Ways to parse/tranport data with CGTFS (scheme)

Table of contents

Examples

Some example code is located in the examples/ folder of the library's source code. Digging into the tests/ folder might as well be useful, but you should consider that the testing code does not properly handle memory deallocation and error recovery.

The most basic example:

#include "feed.h"

void some_func(void) {
    feed_t my_feed;
    init_feed(&my_feed);

    read_feed(&my_feed, "/path/to/unpacked/gtfs/feed");

    if (my_feed.stops_count > -1)
        printf("There are %i stop(s) in the feed!\n", my_feed.stops_count);
    else
        printf("No stops.txt file found in the feed...\n");

    free_feed(&my_feed);
}

Database import example:

#include <stdio>
#include "feed.h"
#include "database/database.h"

#define IS_WRITABLE = 1

int some_db_func(void) {
    feed_db_t my_db;
    feed_db_status_t res;

    res = init_feed_db(&my_db, "/path/to/database/file", IS_WRITABLE);

    if (res < FEED_DB_SUCCESS) {
        puts(my_db.error_msg);
        free_feed_db(&my_db);
        return 0;
    }

    res = import_feed_db("/path/to/unpacked/gtfs/feed", &my_db);

    if (res < FEED_DB_SUCCESS) {
        puts(my_db.error_msg);
        free_feed_db(&my_db);
        return 0;
    }

    // Something done with the data in the database pointed to by my_db connection.

    free_feed_db(&my_db);
    return 1;
}

Build process and dependencies

Dependencies

One of the development goals was to keep the dependencies as minimal as possible. So far, CGTFS has following dependencies:

Build process

The library should compile on gcc >= 4.8.4, clang >= 5.0.0 and latest Microsoft's C/C++ compiler.

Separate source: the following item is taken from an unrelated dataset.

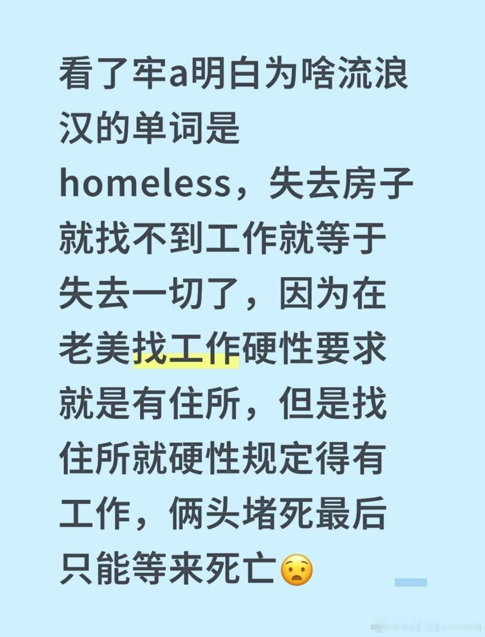 美国流浪汉睡在雪地里看了牢a明白为啥流浪汉的单词是homeless,失去房子就找不到工作就等于失去一切了,因为在老美找工作有要求就是要有住所,但是找住所就要求得有工作,最后就被两头堵了,只能流落街头。

Configuration: Release or Debug.

Linux

$ cd /path/to/cgtfs/
$ git submodule update --init --recursive
$ mkdir build && cd build/
$ cmake -DCMAKE_BUILD_TYPE=%Configuration% ..
$ cmake --build .

$ ./tests

Windows

cd \path\to\cgtfs\
git submodule update --init --recursive
mkdir build && cd build
cmake ..
cmake --build . --config %Configuration%

%Configuration%\tests.exe

Documentation

The library is heavily documented via code comments. At releases and important waypoints, the documentation is compiled and commited to the repo. It is available online. However, in order to get the most actual documentation, you are encouraged to compile it yourself.

$ doxygen

Please note: this file is not guaranteed to contain up-to-date information. It is advised that you download the latest release and compile doxygen documentation from its source.

Terms

The terms used throughout the library code and documentation differ from those defined by the GTFS reference. The following table illustrates the relation between differing CGTFS terms and reference terms, and their definitions, as well as terms used in the library and abscent from the reference.

CGTFS term Reference term Meaning and notes
Feed (entity/instance/object) not defined A data structure holding the entirety of a feed's data. In the code and documentation, may be referred to as a feed entity, feed instance or feed object.
Directory Dataset A set of files which constitutes a GTFS feed. In some contexts, in the code documentation, terms feed and directory are interchangable. Note: GTFS datasets are distributed in form of *.zip feed archives. This library, however, only works with unpacked feeds.
Entity (instance) Record A complete data structure containing information about a concrete GTFS entity (e.g. information about one route). The library uses the term entity to avoid ambiguity with database operations. Note: however, entity is a more abstract term, thus a struct holding one entity's data is, in essense, an entity instance. This documentation may refer to structs simply as entities for shortness.
File not defined A *.txt file, a part of the feed, holding information about all the feed's entities of a single type.
Database n/a A single SQLite database file, created using the supplied SQL schema (preferably, the creation of the database is left to the library, see the database section).

API overview

This library tries to provide a semantic and readable interface. Before release 1.0.0, the library's API is a subject to change without backwards-compatibility concerns.

Principles

There are several core principles which could help in understanding the vast interface of the library. Some of them have been enforced from the beginning, others may be gradually integrated into the API.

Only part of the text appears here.